Yee should know as the Muslim "chaplain" who conducted classes on Islam to US soldiers, especially after Sept 11. Later he was posted to Guantanamo as adviser on Islam and its practices to the camp commander as well as a chaplain with unlimited access to Muslims detainees (about 660 from 40 different countries, including some as young as 12-years-old). For 10 months, he saw and experienced first-hand what took place in the prison camps. Lee received high praise for his tour of duty.

But being a Muslim, Yee too was not spared.

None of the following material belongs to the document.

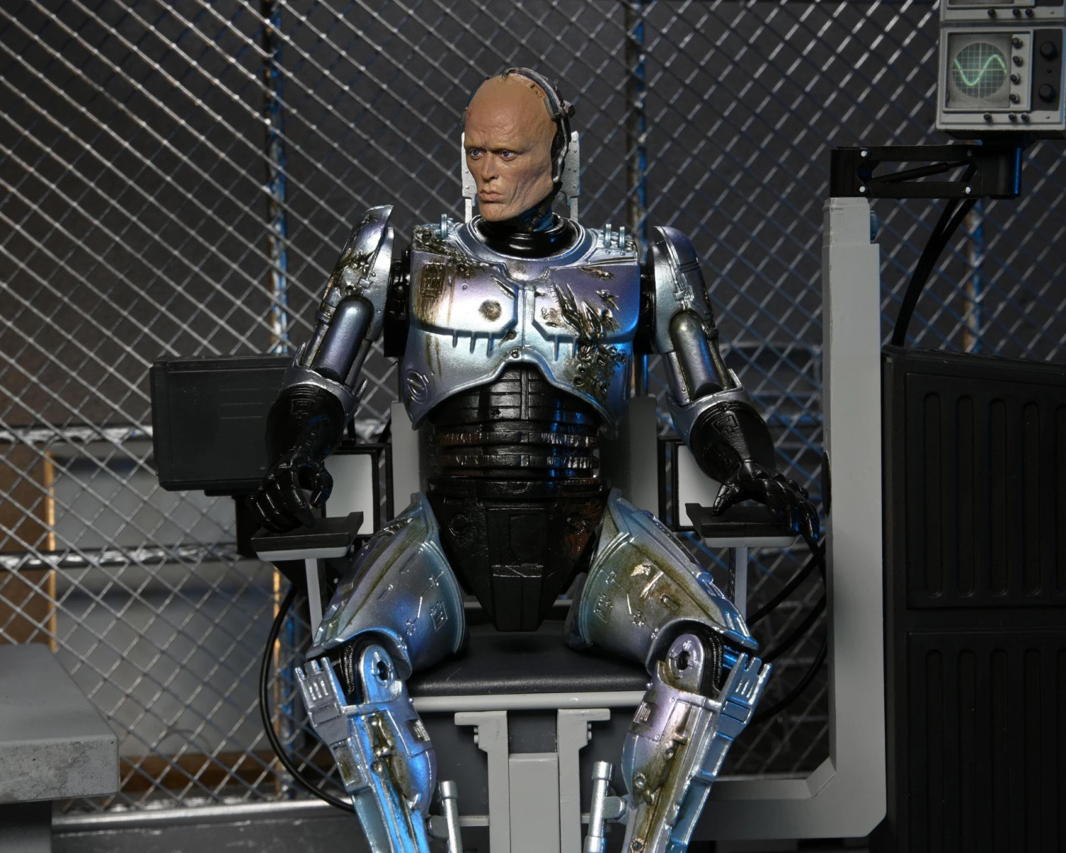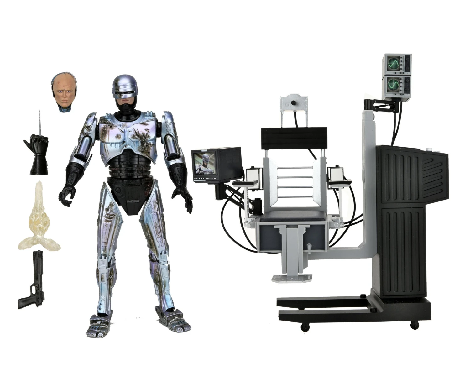 After fighting baddies all day, dock the 7β scale Ultimate Battle-Damaged RoboCop figure in the included screen-accurate chair with movable elements. The chair is over 8″ tall, over 7″ wide, and has swiveling seat as well as articulated swiveling monitors!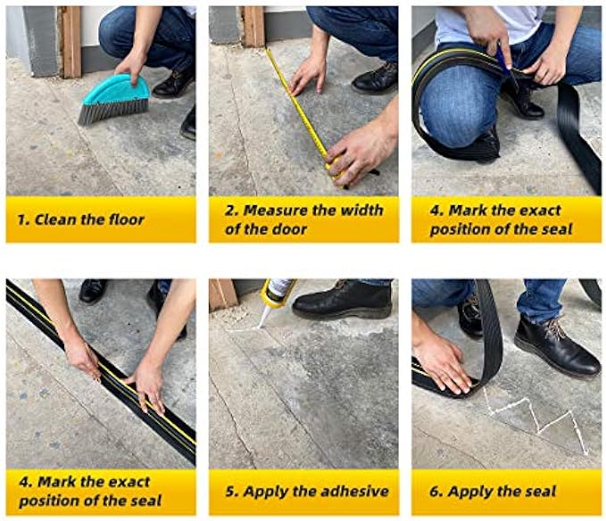 【UNIQUE & INNOVATIVE DESIGN】---12 FT garage door seal with yellow safety strip to ensure that the seal can be clearly seen by people entering and leaving. Anti-slip ridges reduce the risk of slipping. The serrated grooved base creates an ideal surface to provide excellent adhesion for the sealant and floor.

He was "unfairly accused of grave offences and unjustifiably placed in solitary confinement (in Guantanamo) for 76 days". Finally, the West Point graduate was honourably discharged from the army on January 2005.

He underwent the same hell as the other detainees — shackled, subjected to sensory deprivation, isolated in a space no bigger than a toilet cubicle without anyone knowing where he was.

All because of unfounded allegations that he is a terrorist spy!

Yee is still waiting for an apology from the US government and the military for his ordeal during which he was literally deprived of any "freedom".

You would have thought that we ought to be championing such "freedom" issues instead of the "freedom" of poking fun at the expense of others!